Appurtenant refers to rights or restrictions that run with the land, such as easements and covenants. An appurtenance will either benefit or burden the use or enjoyment of property by its owner and continues to do so when title passes to another.
An appurtenant easement is an easement that runs with the land. (Kazi v. State Farm Fire & Casualty Co. (2001) 24 Cal.4th 871, 881.)
Whether an easement in a given case is appurtenant or in gross is determined mainly by the nature of the right and the intention of the parties creating it. It may be said to be a general rule that an easement is never presumed to attach to the person of the grantee when it can fairly be construed to be appurtenant to some other estate. Whenever the right in question is in its nature an appropriate and useful adjunct of the land owned by the grantee of the easement, having in view his intention as to its use, and there is nothing to show that the parties intended it to be a mere personal right, it will be held to be an easement appurtenant and not in gross. (Balestra v. Button (1942) 54 Cal.App.2d 192, 198.)
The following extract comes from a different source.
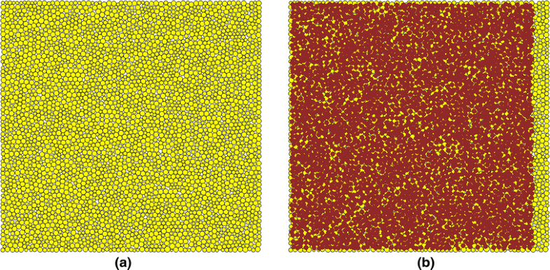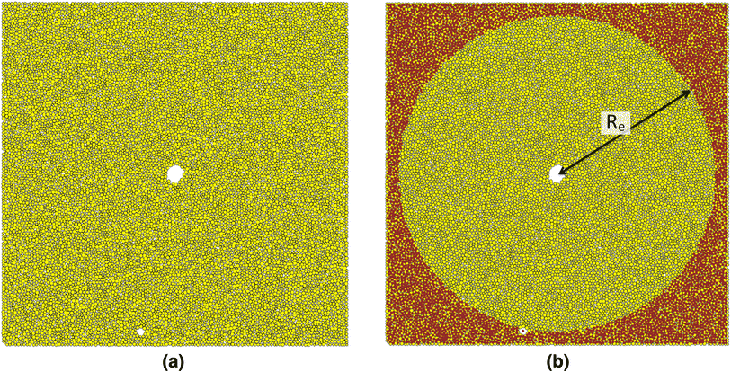 a Reservoir with wellbore at centre, b Reservoir with boundary pressure of \(7\;{\text{MPa}}\). Brown circles show domain pressure
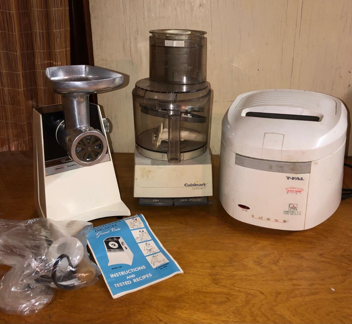 LOT293M: Vintage Hamilton Beach Gourmet Center Model 223, Cuisinart Custom 11 Food Processor Model DLC-8M, & T-Fal 'Superclean Safety Fryer'

An appurtenance is something attached to something else, and has long been used in reference to land and easements. Accordingly, Civil Code § 662 defines an appurtenance to land as a thing deemed to be incidental or appurtenant to land when it is by right used with the land for its benefit, as in the case of a way, or watercourse, or of a passage for light, air, or heat. Thus, "appurtenant" denotes that the water right or interest is attached to land, but does not denote its type or scope. An appurtenant, appropriative water right is one associated with land. A right to water service can also be appurtenant to land. (Abatti v. Imperial Irrigation Dist. (2020) 52 Cal.App.5th 236, 255.)